I have a bug report of an anomaly in the job state display of sacct, as
illustrated below. Jobs 7,8, 11 and 12 are all simple jobs submitted via
"sbatch". Job 7 was submitted and then cancelled by the submitting user.
Job 7 was submitted by the user and then cancelled by root. Job 11 was
pre-empted by job 12 from a higher priority partition, but was requeued
and completed after job 12 terminated.

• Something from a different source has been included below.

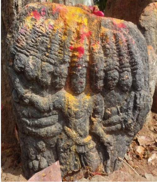
ಮೊದಲನೇ ರಾವಣ ಶಿಲ್ಪ
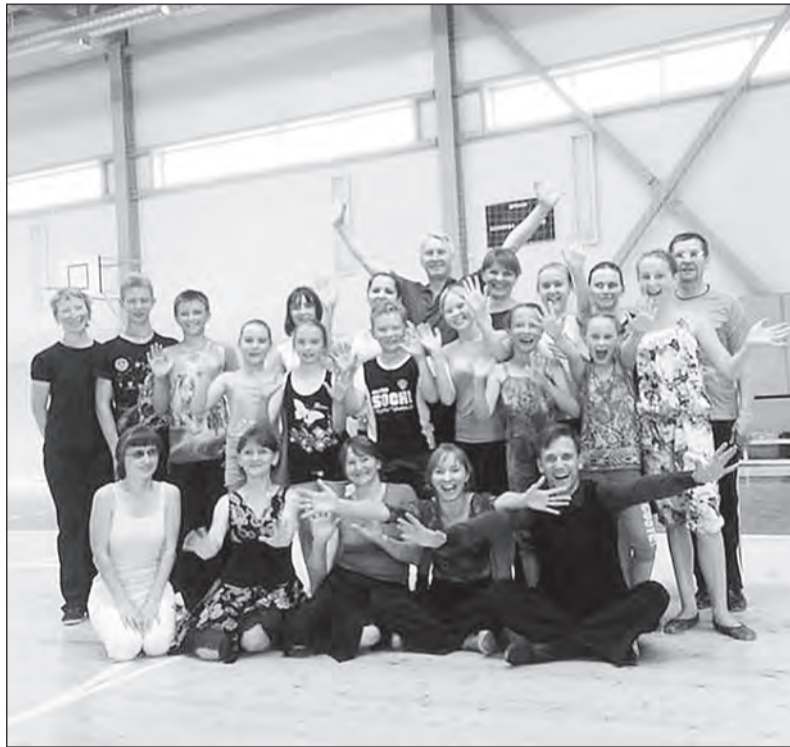
Участники первого дня семинара.

Following is the output of
"sacct", showing jobid, state and start/stop times, and including
duplicates ("-D") option:
[sulu] (dalbert) dalbert> sacct --format=jobid%8,state%-18,submit,end -D
JobID State Submit End
-------- ------------------ ------------------- -------------------
7 CANCELLED by 605 2011-09-09T10:24:41 2011-09-09T10:24:50
7.batch FAILED 2011-09-09T10:24:41 2011-09-09T10:24:50
7.0 CANCELLED by -1 2011-09-09T10:24:42 2011-09-09T10:24:50
8 CANCELLED by 0 2011-09-09T10:24:56 2011-09-09T10:25:12
8.batch CANCELLED by -1 2011-09-09T10:24:56 2011-09-09T10:25:12
8.0 CANCELLED by -1 2011-09-09T10:24:56 2011-09-09T10:25:12
11 CANCELLED by -1 2011-09-09T10:29:42 2011-09-09T10:29:51
11.0 CANCELLED by -1 2011-09-09T10:29:43 2011-09-09T10:29:51
11 COMPLETED 2011-09-09T10:29:51 2011-09-09T10:30:52
11.batch COMPLETED 2011-09-09T10:29:42 2011-09-09T10:30:52
11.1 COMPLETED 2011-09-09T10:30:22 2011-09-09T10:30:52
12 COMPLETED 2011-09-09T10:29:51 2011-09-09T10:30:22
12.batch COMPLETED 2011-09-09T10:29:51 2011-09-09T10:30:22
12.0 COMPLETED 2011-09-09T10:29:51 2011-09-09T10:30:21
Job 7shows a state of "CANCELLED by 605", which is the "uid" of the user
that submitted the job and the "scancel", but the batch and step records
for the job display as "CANCELLED by -1". Job 8 shows a state of
"CANCELLED by 0", which is the "uid" of the root user, but again the
batch and step records for the job display as "CANCELLED by -1". For job
11, both the job and step records for the pre-emption show as "CANCELLED
by -1".
Looking into the code, I saw that the "by xxx" portion of the display
depends on the content of a field called "requid" in the job, step and
batch record structures. This field is intialized to "-1" in various
places. Other values in the records are initalized to "NO_VAL", but
"requid" is explicitedly set to "-1" instead of "NO_VAL".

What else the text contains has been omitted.